- _DATA SECTION_:
*-*-*

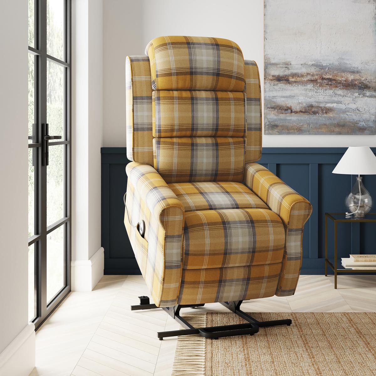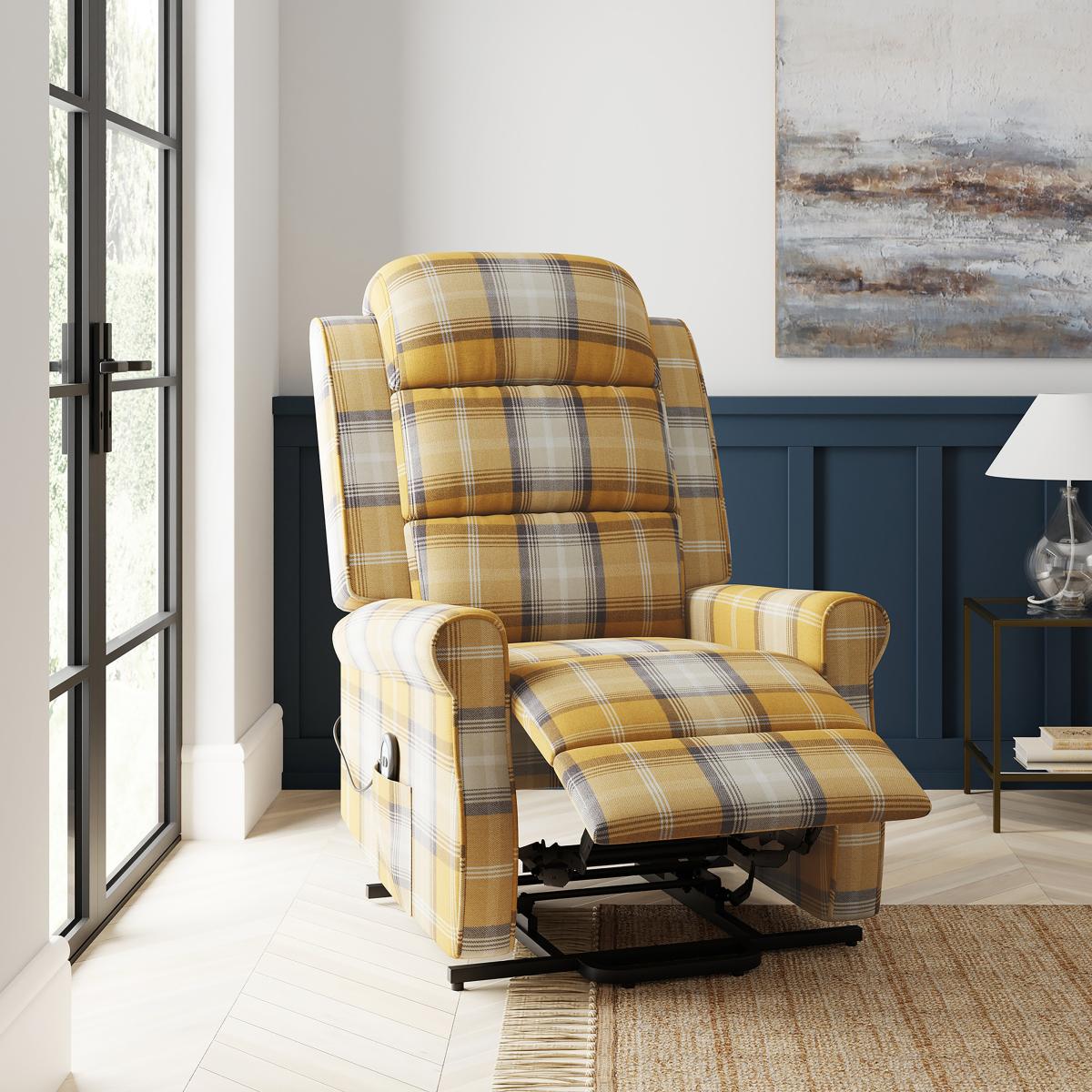 Edith Check Pattern Rise and Recline Chair Old Gold
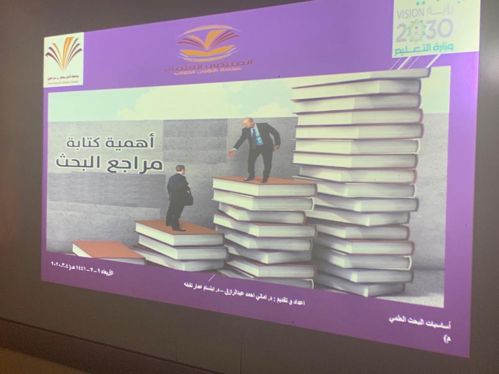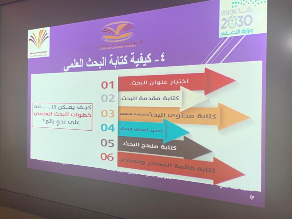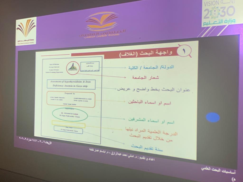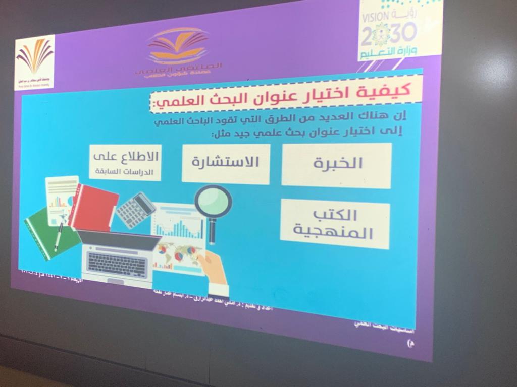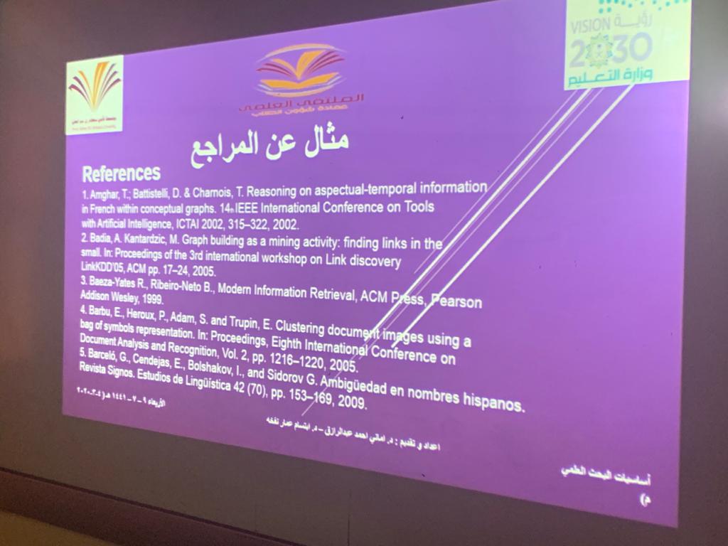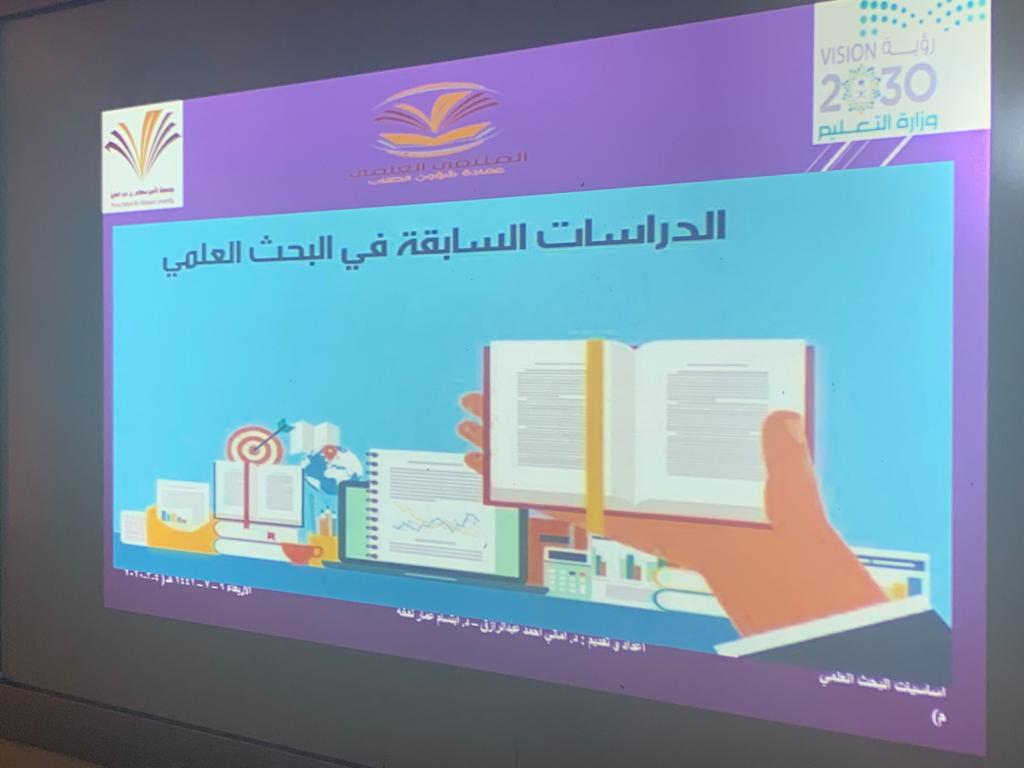 تزامناً مع انطلاق فعاليات الملتقى العلمي الطلابي و في إطار الورش التحضيرية لمحور الابحاث العلمية، بكلية العلوم والدراسات الإنسانية بحوطة بني تميم.، تحت قيادة سعادة عميدة الكلية د. حصة بنت سعود الهزاني. قدمت د. أماني أحمد عبدالرازق مشرفة قسم اللغة العربية و د. ابتسام عمار نفخه مشرفة قسم اللغة الإنجليزية. ورشة بعنوان "أساسيات البحث العلمي" وذلك في يوم الأربعاء الموافق: 1441/7/9هـ، في تمام الساعة 9:30 صباحاً. حيث تم التعريف بمفهوم البحث العلمي و عرض صفات الباحث العلمي. ثم تم عرض مراحل البحث العلمي و كيفية كتابته. حضرت الورشة عدد من الطالبات و مجموعة من عضوات هيئة التدريس. تمت مناقشة مختلف مكونات البحث العلمي مع الطالبات الحاضرات لترسيخ المفاهيم لديهن. و في ختام الورشة تم توزيع استمارات المشاركة على الطالبات و تشجيعهن على المشاركة بأبحاث علمية في الملتقى الطلابي.
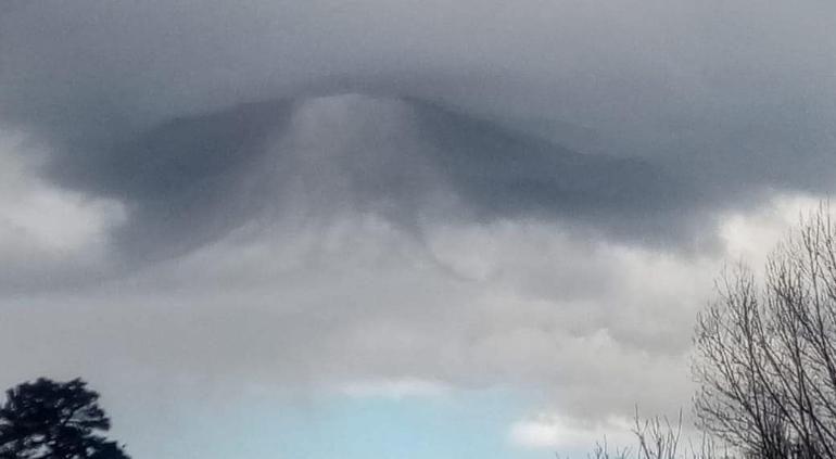 En las imágenes se puede observar una figura similar a un volcán, debido a que había un agujero en el cielo.

*-*-*

- _WORK REQUIRED_:
Set down all of the material word for word, minus its pictures.

- _TASK RESULT_:
 Edith Check Pattern Rise and Recline Chair Old Gold
 تزامناً مع انطلاق فعاليات الملتقى العلمي الطلابي و في إطار الورش التحضيرية لمحور الابحاث العلمية، بكلية العلوم والدراسات الإنسانية بحوطة بني تميم.، تحت قيادة سعادة عميدة الكلية د. حصة بنت سعود الهزاني. قدمت د. أماني أحمد عبدالرازق مشرفة قسم اللغة العربية و د. ابتسام عمار نفخه مشرفة قسم اللغة الإنجليزية. ورشة بعنوان "أساسيات البحث العلمي" وذلك في يوم الأربعاء الموافق: 1441/7/9هـ، في تمام الساعة 9:30 صباحاً. حيث تم التعريف بمفهوم البحث العلمي و عرض صفات الباحث العلمي. ثم تم عرض مراحل البحث العلمي و كيفية كتابته. حضرت الورشة عدد من الطالبات و مجموعة من عضوات هيئة التدريس. تمت مناقشة مختلف مكونات البحث العلمي مع الطالبات الحاضرات لترسيخ المفاهيم لديهن. و في ختام الورشة تم توزيع استمارات المشاركة على الطالبات و تشجيعهن على المشاركة بأبحاث علمية في الملتقى الطلابي.
 En las imágenes se puede observar una figura similar a un volcán, debido a que había un agujero en el cielo.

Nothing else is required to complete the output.